Com isso, pode-se pensar, também, na ideia do cuidado de si por parte das mães que cuidam de seus filhos, pois a forma como elas são vistas ao cuidarem de seus filhos importam uma imagem que as deixam tranquilas pela crença do papel que exercem (GOFFMAN, 2011).Ou seja, do cuidado presente sempre na vida destas mães e de seus filhos com a doença, quer seja no hospital, em casa, na rua, na escola, pois o cuidado de si e do outro são para estas pessoas essenciais nos modos de ser e de conviver.

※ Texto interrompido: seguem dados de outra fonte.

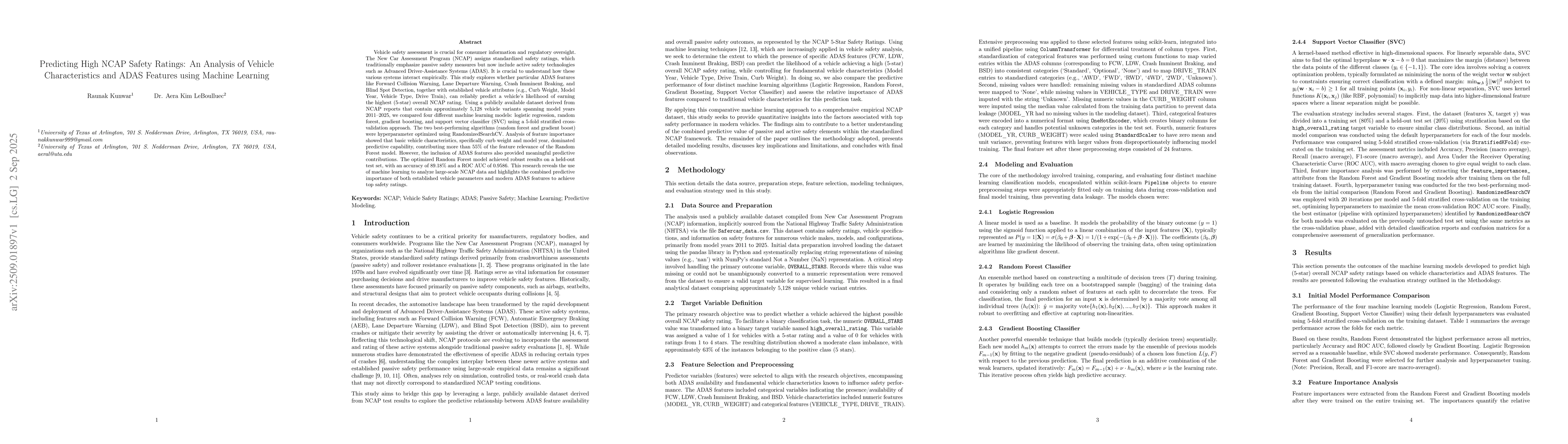 Vehicle safety assessment is crucial for consumer information and regulatory oversight. The New Car Assessment Program (NCAP) assigns standardized safety ratings, which traditionally emphasize passive safety measures but now include active safety technologies such as Advanced Driver-Assistance Systems (ADAS). It is crucial to understand how these various systems interact empirically. This study explores whether particular ADAS features like Forward Collision Warning, Lane Departure Warning, Crash Imminent Braking, and Blind Spot Detection, together with established vehicle attributes (e.g., Curb Weight, Model Year, Vehicle Type, Drive Train), can reliably predict a vehicle's likelihood of earning the highest (5-star) overall NCAP rating. Using a publicly available dataset derived from NCAP reports that contain approximately 5,128 vehicle variants spanning model years 2011-2025, we compared four different machine learning models: logistic regression, random forest, gradient boosting, and support vector classifier (SVC) using a 5-fold stratified cross-validation approach. The two best-performing algorithms (random forest and gradient boost) were hyperparameter optimized using RandomizedSearchCV. Analysis of feature importance showed that basic vehicle characteristics, specifically curb weight and model year, dominated predictive capability, contributing more than 55% of the feature relevance of the Random Forest model. However, the inclusion of ADAS features also provided meaningful predictive contributions. The optimized Random Forest model achieved robust results on a held-out test set, with an accuracy of 89.18% and a ROC AUC of 0.9586. This research reveals the use of machine learning to analyze large-scale NCAP data and highlights the combined predictive importance of both established vehicle parameters and modern ADAS features to achieve top safety ratings.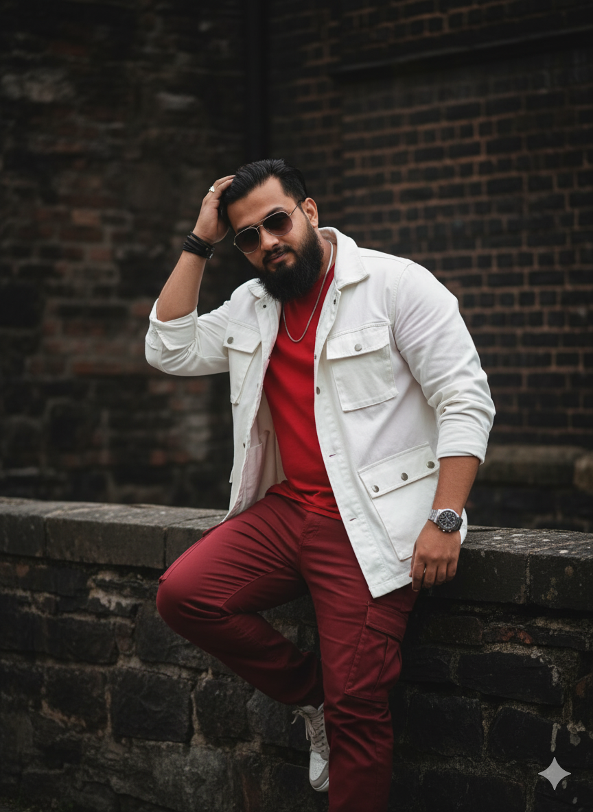 Make a picture of me posing like the one that is provided, with brick and stone pieces set against a dark, metropolitan backdrop. I should be confidently facing the camera while resting on a low stone wall or other structure.A man with a red T-shirt, a white cargo jacket, dark red cargo pants, a wristwatch, sunglasses, sneakers, a bracelet, and a chain.Natural, somewhat diffused lighting creates a somber yet distinct atmosphere. The overall aesthetic should be chic and contemporary. The hair was touched by the left hand.

Corpo e cuidado mantém uma relação indissociável. Os cuidados em relação ao controle da fisiologia do corpo para mantê-lo em funcionamento e contornar os perigos ao qual este está sujeito, são as condições essenciais na vida de uma pessoa com IRC. Condutas e hábitos rotineiros na vida destas pessoas é uma forma de vida que ocupa a existência na condição da doença desde quando ela passa a fazer parte da vida destas pessoas.

Em relação aos cuidados que fazem parte da vida da pessoa com IRC que realiza hemodiálise, pode-se destacar a fidelidade na realização da diálise periodicamente, o constante uso de medicações nos seus horários e dosagens ideais, a realização de exames bem como do seu acompanhamento, o controle na ingestão de líquido, a atenção em relação à dieta, o repouso necessário no sentido de poupar esforços não recomendados, a atenção aos sinais apresentado pelo próprio corpo, dentre outros.